I have mine just sitting not attached to anything on the bottom of my shrimp tanks. In two of the tanks it's at least doubled in size. Low light and no ferts. Shrimp like it and it looks decent too. I really like this stuff.


----------



## GMYukonon24s (May 3, 2009)

Ya it seems in the one tank I have it the shrimp are always going through it. I just figured maybe I can do something else with it and create my space for other plants.


----------



## synthorange (Feb 1, 2012)

Here's what I did with mine, wrapped it up in gutter guard mesh, stuck it to the back wall. Shot from late november.
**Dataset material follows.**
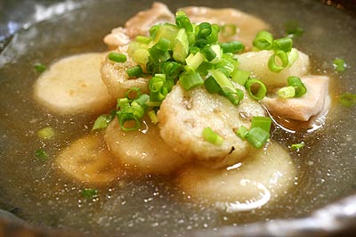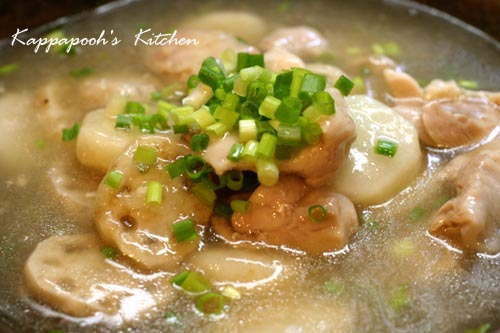 鶏もも肉を和風だし、鶏がらスープで煮て、酒(多めに)・塩・醤油・砂糖(各少々)で、薄味のスープに味を調える。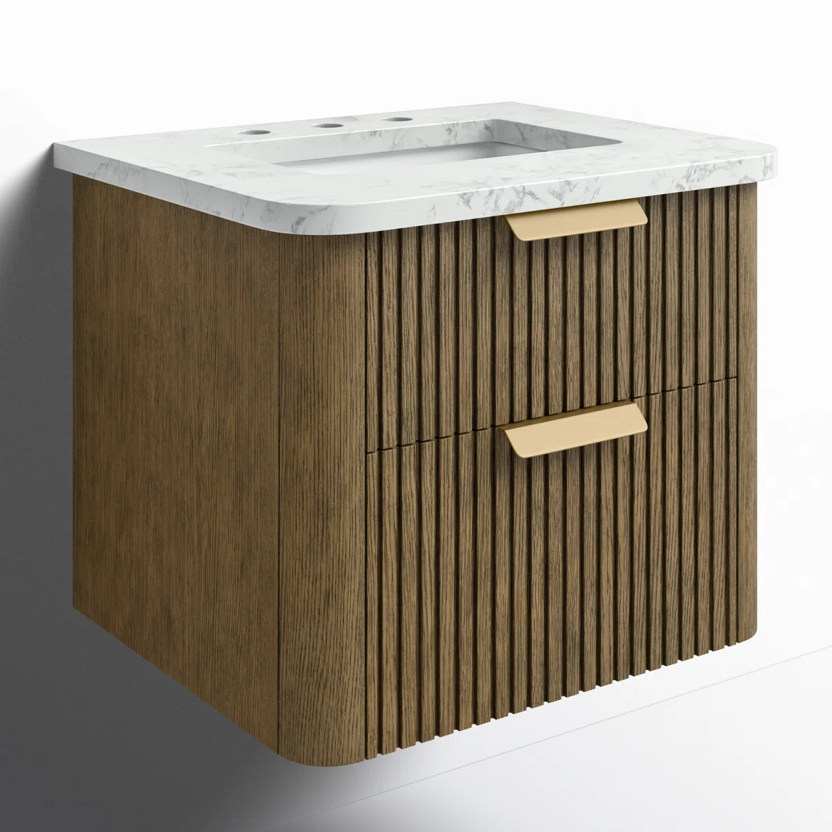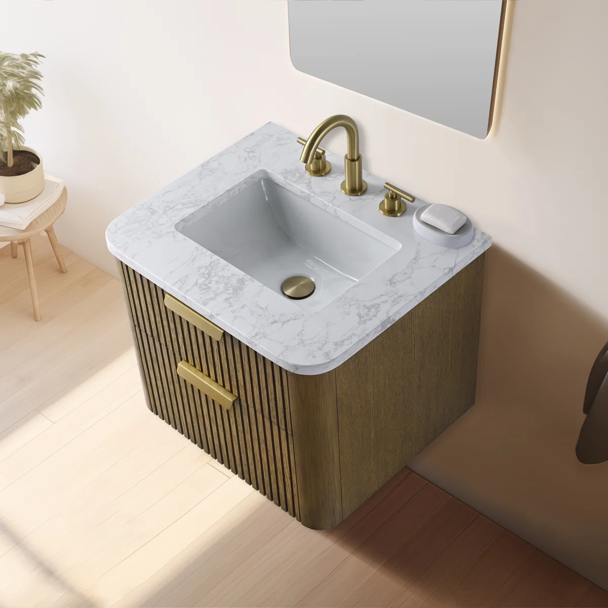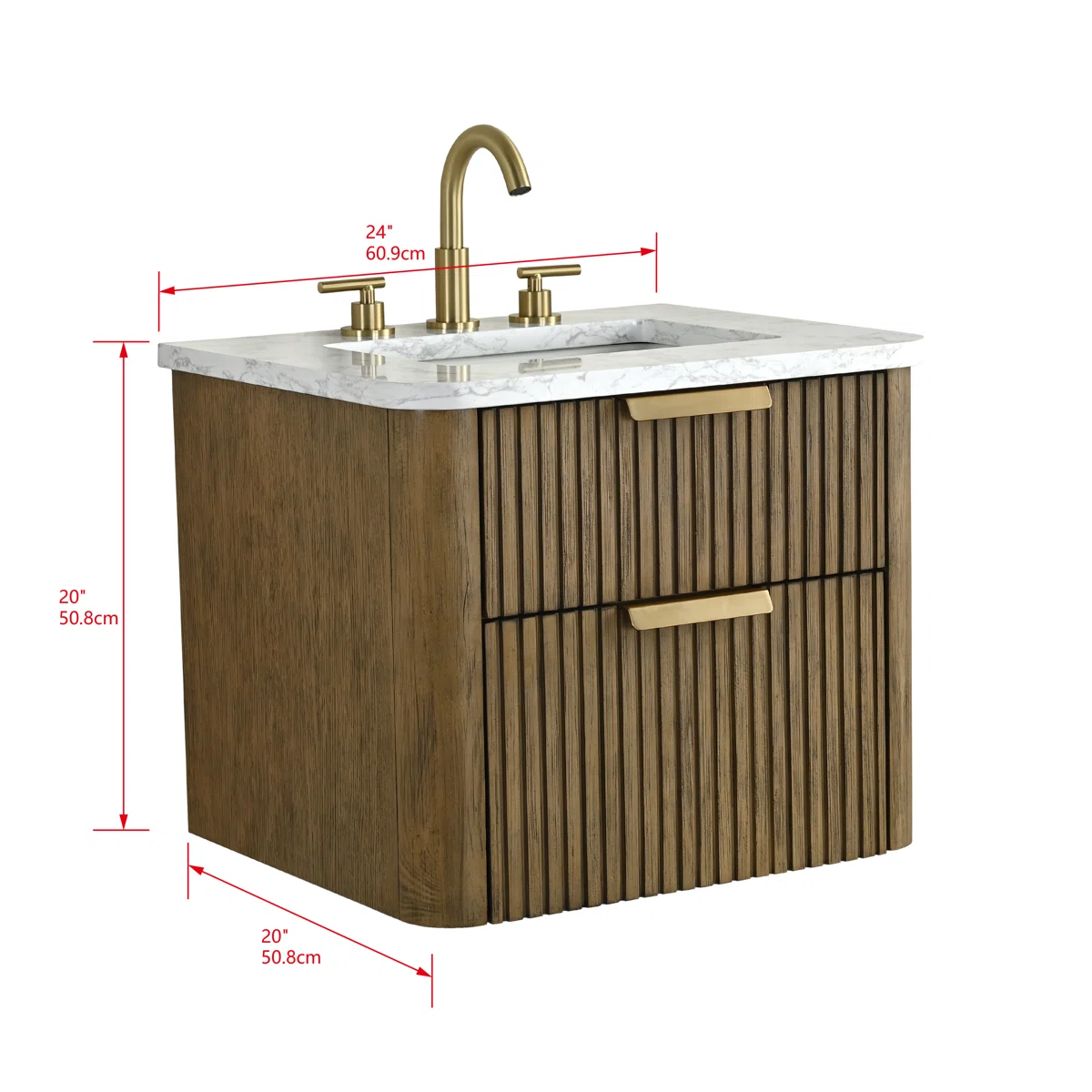 Elevate your bathroom with the Liljan 24" Wall-Mounted Single Bathroom Vanity, designed for modern spaces that demand both style and efficiency. Featuring a floating slatted wood base, this compact vanity creates the illusion of more space while maintaining a sleek, contemporary look.

Best shot I have on hand at the moment for its current state. It's about 2/3rds of an inch out from the gutter mesh now. As I said, really slow growing stuff.


----------



## GMYukonon24s (May 3, 2009)

Thanks for the replies and pics. It's kind of funny/ weird how some people have growth and some don't. Which I know that's how alot of plants and things are in this hobby but I kind of figure plants that are low light plants should be fine or better in high tech tanks and I see thats not always the case.


----------



## 2wheelsx2 (Jan 27, 2006)

Mine grow like crazy in ultra low light. Have to throw out fistfuls every month or so. But they don't seem to attach to anything. If you glue/tie it to wood/rocks, it'll eventually attach?


----------



## acitydweller (Dec 28, 2011)

I've probalby had the wierdest experience with Subwassertang. I placed it in my shrimp tank with dwarf grass and it somehow clung onto it. so now it looks like i have a balloon attached to a string in the tank. This definitely wasn't planned but the shrimp dont mind and it looks pretty cool.


----------



## GMYukonon24s (May 3, 2009)

That's some growth than 2wheels. Lol that's interested I'll have to check that out.


----------